Traveling at the speed limit and being aware are probably the two best things you can do, but unfortunately, there's just nothing you can do to avoid these situations.
If you struck the bird, and it has sustained an injury that leaves it stunned or visibly injured on the ground, then action must be swiftly taken to help it. If it is safe to do so once you have safely parked up, move the injured bird from the middle of the carriageway and place it in a cardboard box while you seek assistance.
If possible, cover the box with a tea towel or similar, so the bird is kept as calm. Birds that are simply stunned by the impact may well be able to fly off once they’ve had a chance to recover. For birds that are more seriously injured, the best advice is to call a wildlife rehabilitation center for their expert support.
It’s important to stay in control of your vehicle and, if you need to, pull over safely so you can clean your windshield.
In the US, sparrows are warblers are two of the most common species to be affected by cars - pictured, a Pine Warbler
There is no data available for a global total number of birds killed by cars in the world, and it would be almost impossible to quantify accurately. However, it is estimated that the annual toll would be in the hundreds of millions.
2021 estimates indicate that between 49 million and 340 million birds are killed in collisions with cars each year in the United States.

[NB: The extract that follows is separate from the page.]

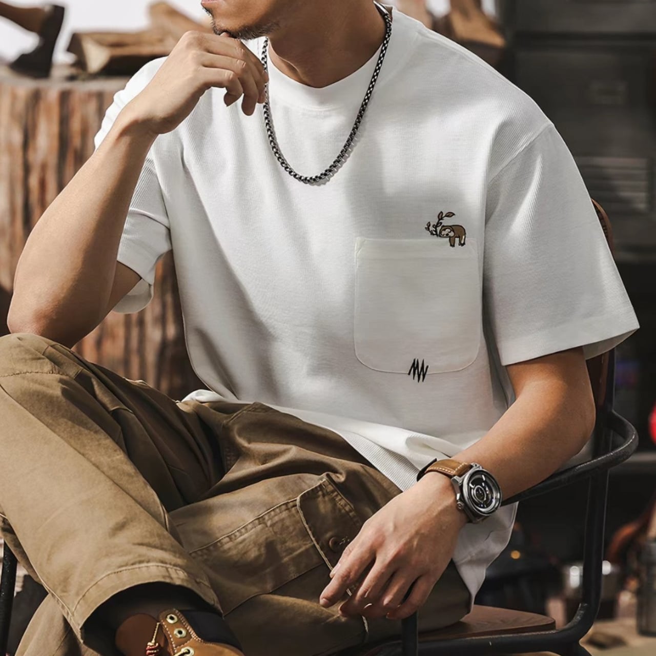 Animal stitch retro waffle t shirt ( 2color )

A report into the numbers of birds in the UK involved in collisions with cars each year, released in 1994, stated that at least 30 million individual birds were killed in such incidents that year, with more generous estimates of up to 80 million annually also discussed.
Australian numbers are unconfirmed, with around 10 million animals dying in road accidents each year, including mammals and reptiles as well as birds.
A duck family crossing the road
Care should always be taken when driving along rural roads, or using highways that run through forested areas, and speed limits should always be followed.
It is also advised to not throw food scraps from vehicle windows – discarded food along the roadside is a surefire way to attract rodents.
Birds of prey hunt rodents, particularly at low altitudes, and are, therefore, at risk from collisions with vehicles.
Birds of prey may commonly be involved in collisions, due to their tendency to hunt along roadsides flying at low heights in pursuit of rodents or other small mammals.
Due to their size, many birds of prey are more robust than smaller birds that might be killed outright in vehicle collisions. At low speeds, birds of prey may be more likely to survive the initial impact and be able to recover once the shock has worn off.
Research shows that barn owls are among the most commonly named birds of prey to be involved in vehicle collisions.